- _AIM OF THE EXERCISE_
Scan the entries below. List each line with "there".

(Records from a data source)
*****

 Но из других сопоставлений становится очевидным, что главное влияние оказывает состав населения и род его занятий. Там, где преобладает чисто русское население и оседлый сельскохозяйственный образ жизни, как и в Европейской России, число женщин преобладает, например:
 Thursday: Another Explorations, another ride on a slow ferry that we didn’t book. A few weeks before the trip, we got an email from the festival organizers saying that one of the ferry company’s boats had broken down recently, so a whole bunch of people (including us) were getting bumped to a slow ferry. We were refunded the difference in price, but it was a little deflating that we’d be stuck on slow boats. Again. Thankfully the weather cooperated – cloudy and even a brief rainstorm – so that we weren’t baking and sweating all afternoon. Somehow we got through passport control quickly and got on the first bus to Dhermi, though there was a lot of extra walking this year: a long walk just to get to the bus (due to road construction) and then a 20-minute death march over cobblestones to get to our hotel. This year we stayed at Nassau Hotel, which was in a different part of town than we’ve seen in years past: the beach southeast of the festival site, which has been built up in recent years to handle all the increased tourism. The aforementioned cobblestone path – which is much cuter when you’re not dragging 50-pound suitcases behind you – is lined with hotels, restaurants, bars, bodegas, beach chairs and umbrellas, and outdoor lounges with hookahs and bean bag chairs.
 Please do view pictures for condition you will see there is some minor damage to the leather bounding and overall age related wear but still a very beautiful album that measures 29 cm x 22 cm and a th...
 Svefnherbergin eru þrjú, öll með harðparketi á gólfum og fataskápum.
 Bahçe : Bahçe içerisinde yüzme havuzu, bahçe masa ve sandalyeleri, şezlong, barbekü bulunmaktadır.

*****

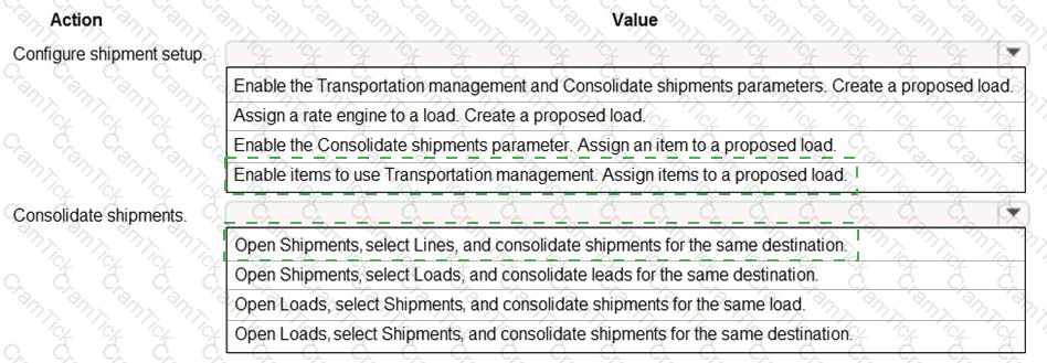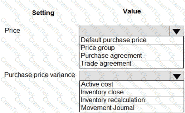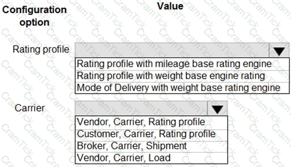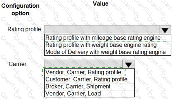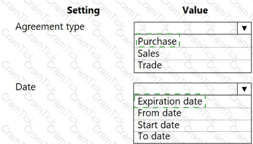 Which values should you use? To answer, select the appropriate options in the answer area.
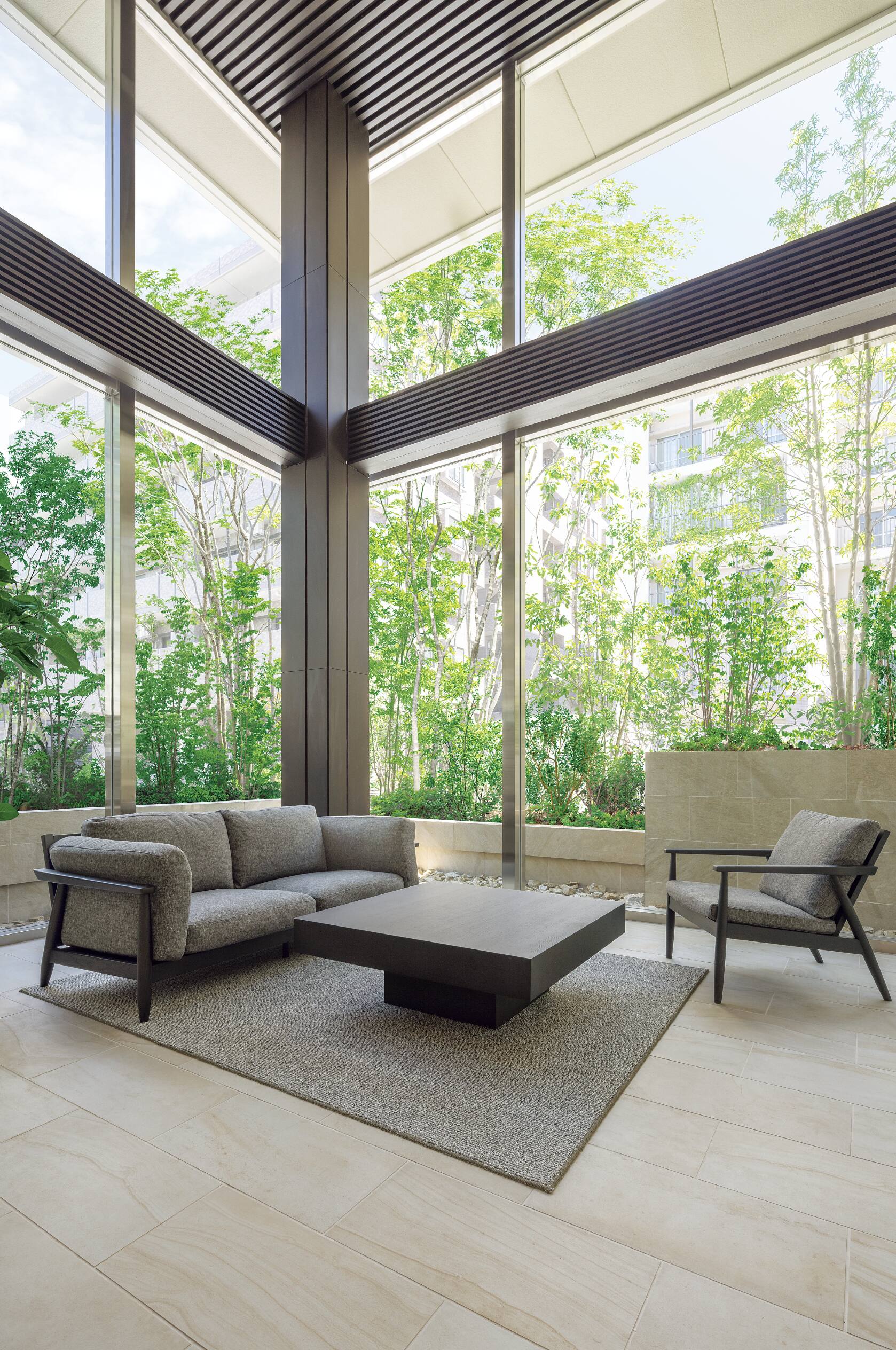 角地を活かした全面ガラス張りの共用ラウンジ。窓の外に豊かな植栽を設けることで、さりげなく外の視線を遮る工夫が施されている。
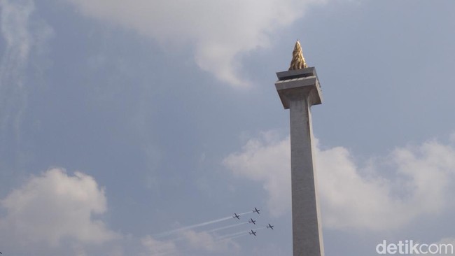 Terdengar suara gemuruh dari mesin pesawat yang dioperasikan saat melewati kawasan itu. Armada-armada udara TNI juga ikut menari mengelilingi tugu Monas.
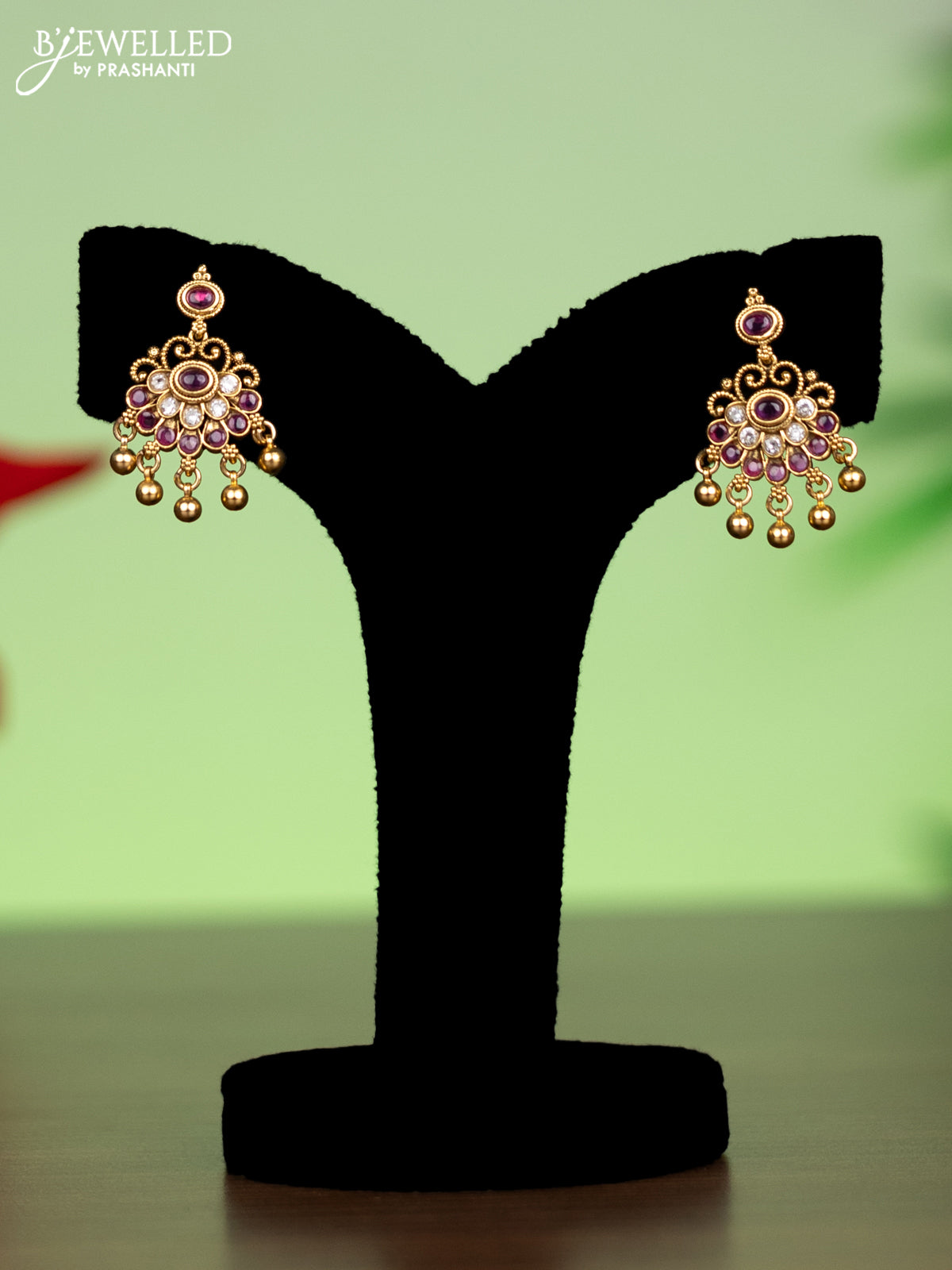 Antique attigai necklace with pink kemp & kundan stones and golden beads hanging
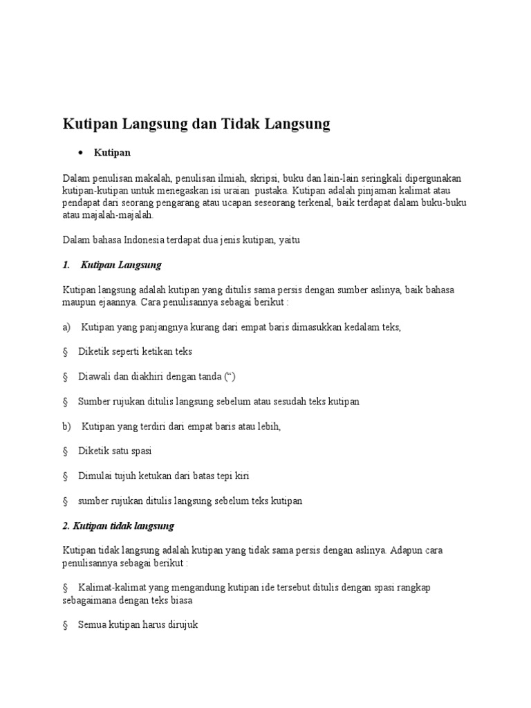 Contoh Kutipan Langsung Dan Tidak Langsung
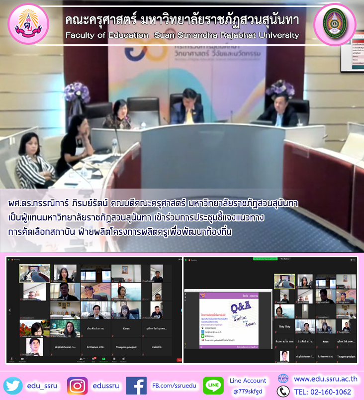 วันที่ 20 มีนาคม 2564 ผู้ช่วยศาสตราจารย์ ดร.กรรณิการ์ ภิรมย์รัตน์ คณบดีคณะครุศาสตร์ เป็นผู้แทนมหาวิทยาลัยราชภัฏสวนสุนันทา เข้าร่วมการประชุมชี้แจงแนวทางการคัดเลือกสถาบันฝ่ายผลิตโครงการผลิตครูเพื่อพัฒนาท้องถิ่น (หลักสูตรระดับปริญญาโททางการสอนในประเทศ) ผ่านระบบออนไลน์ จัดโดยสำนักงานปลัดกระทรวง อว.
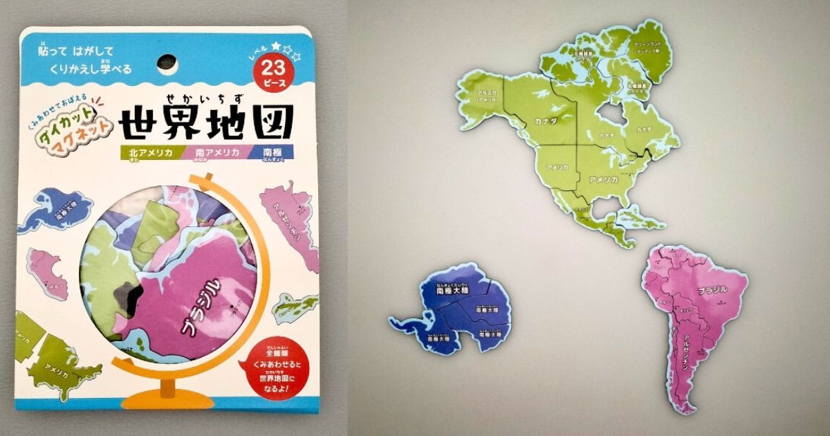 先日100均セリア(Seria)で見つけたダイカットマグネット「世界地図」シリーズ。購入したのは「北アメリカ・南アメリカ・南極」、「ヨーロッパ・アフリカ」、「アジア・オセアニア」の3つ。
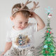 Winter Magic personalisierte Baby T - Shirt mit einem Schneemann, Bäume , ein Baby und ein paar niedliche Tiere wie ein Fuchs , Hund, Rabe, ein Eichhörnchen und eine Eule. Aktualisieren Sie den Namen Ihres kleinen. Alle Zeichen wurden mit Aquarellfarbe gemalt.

*****

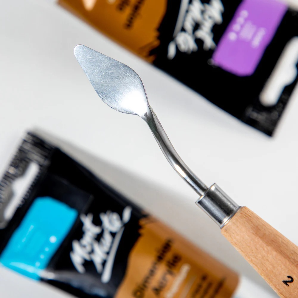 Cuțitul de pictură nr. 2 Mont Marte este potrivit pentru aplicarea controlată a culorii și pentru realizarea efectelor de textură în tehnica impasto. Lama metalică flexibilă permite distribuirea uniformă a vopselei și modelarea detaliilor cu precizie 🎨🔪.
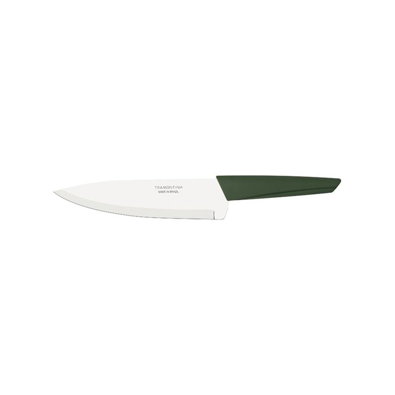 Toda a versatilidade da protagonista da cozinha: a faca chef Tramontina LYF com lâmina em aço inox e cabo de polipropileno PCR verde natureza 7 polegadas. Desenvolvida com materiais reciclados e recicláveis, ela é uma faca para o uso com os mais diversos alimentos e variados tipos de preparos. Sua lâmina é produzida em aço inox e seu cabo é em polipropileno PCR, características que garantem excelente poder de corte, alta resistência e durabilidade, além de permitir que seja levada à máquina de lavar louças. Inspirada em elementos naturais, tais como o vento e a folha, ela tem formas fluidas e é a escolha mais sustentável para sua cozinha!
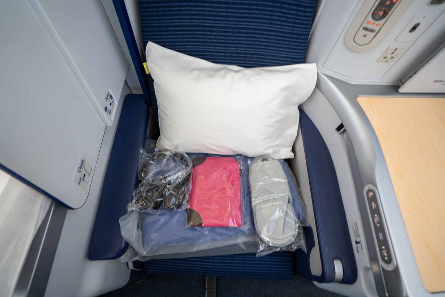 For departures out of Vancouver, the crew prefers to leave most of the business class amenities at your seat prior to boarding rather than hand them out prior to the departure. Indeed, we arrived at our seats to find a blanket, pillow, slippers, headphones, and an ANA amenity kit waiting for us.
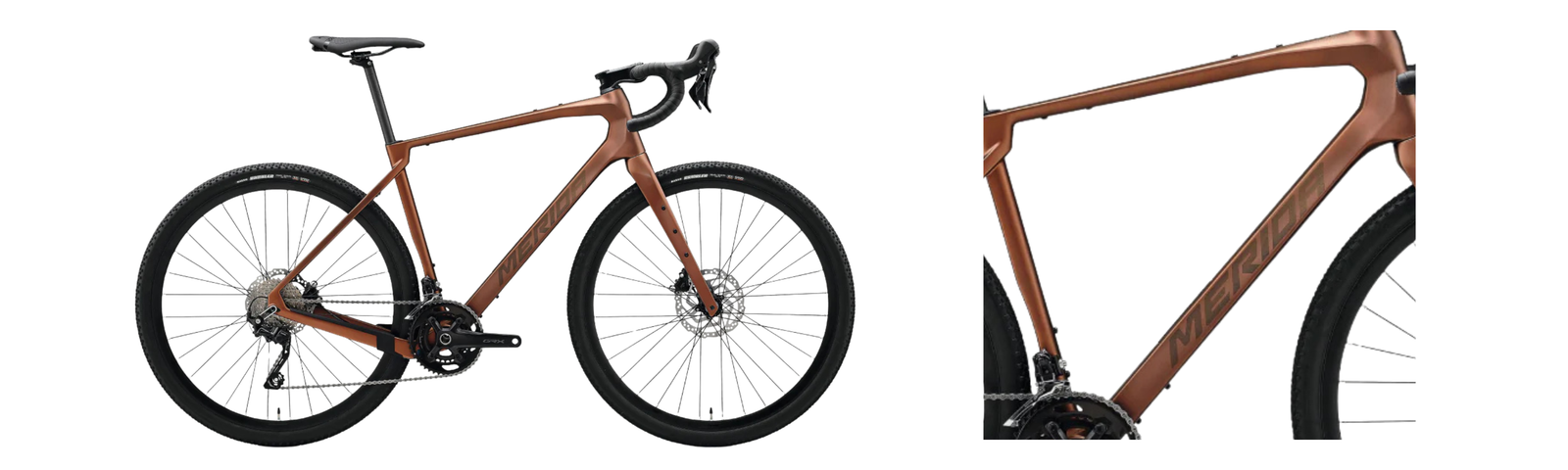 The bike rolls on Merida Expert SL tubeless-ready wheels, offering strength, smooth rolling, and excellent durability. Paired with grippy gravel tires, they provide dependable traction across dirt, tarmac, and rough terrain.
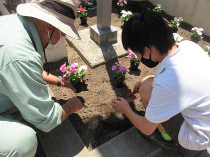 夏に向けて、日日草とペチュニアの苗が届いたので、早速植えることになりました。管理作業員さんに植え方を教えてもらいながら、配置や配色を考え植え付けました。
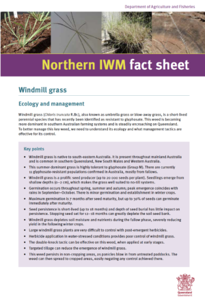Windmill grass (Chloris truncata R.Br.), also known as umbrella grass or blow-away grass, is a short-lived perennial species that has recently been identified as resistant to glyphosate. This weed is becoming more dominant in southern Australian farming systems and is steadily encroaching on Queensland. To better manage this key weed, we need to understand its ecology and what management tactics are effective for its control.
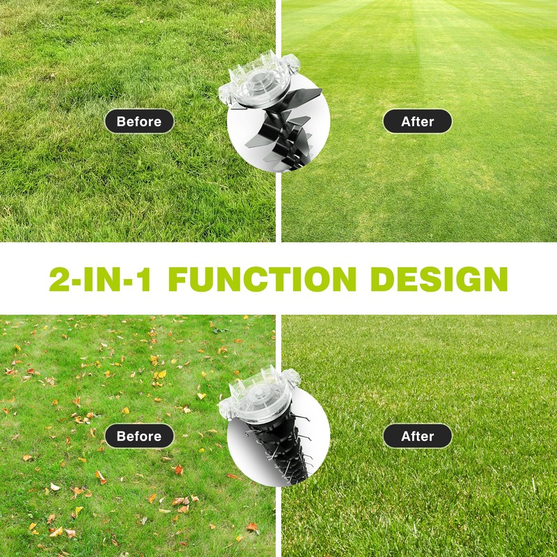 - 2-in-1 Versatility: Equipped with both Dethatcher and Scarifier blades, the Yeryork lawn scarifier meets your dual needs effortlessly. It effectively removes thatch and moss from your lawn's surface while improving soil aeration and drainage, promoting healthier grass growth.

*****

- _YOUR SOLUTION_
 Thursday: Another Explorations, another ride on a slow ferry that we didn’t book. A few weeks before the trip, we got an email from the festival organizers saying that one of the ferry company’s boats had broken down recently, so a whole bunch of people (including us) were getting bumped to a slow ferry. We were refunded the difference in price, but it was a little deflating that we’d be stuck on slow boats. Again. Thankfully the weather cooperated – cloudy and even a brief rainstorm – so that we weren’t baking and sweating all afternoon. Somehow we got through passport control quickly and got on the first bus to Dhermi, though there was a lot of extra walking this year: a long walk just to get to the bus (due to road construction) and then a 20-minute death march over cobblestones to get to our hotel. This year we stayed at Nassau Hotel, which was in a different part of town than we’ve seen in years past: the beach southeast of the festival site, which has been built up in recent years to handle all the increased tourism. The aforementioned cobblestone path – which is much cuter when you’re not dragging 50-pound suitcases behind you – is lined with hotels, restaurants, bars, bodegas, beach chairs and umbrellas, and outdoor lounges with hookahs and bean bag chairs.
 Please do view pictures for condition you will see there is some minor damage to the leather bounding and overall age related wear but still a very beautiful album that measures 29 cm x 22 cm and a th...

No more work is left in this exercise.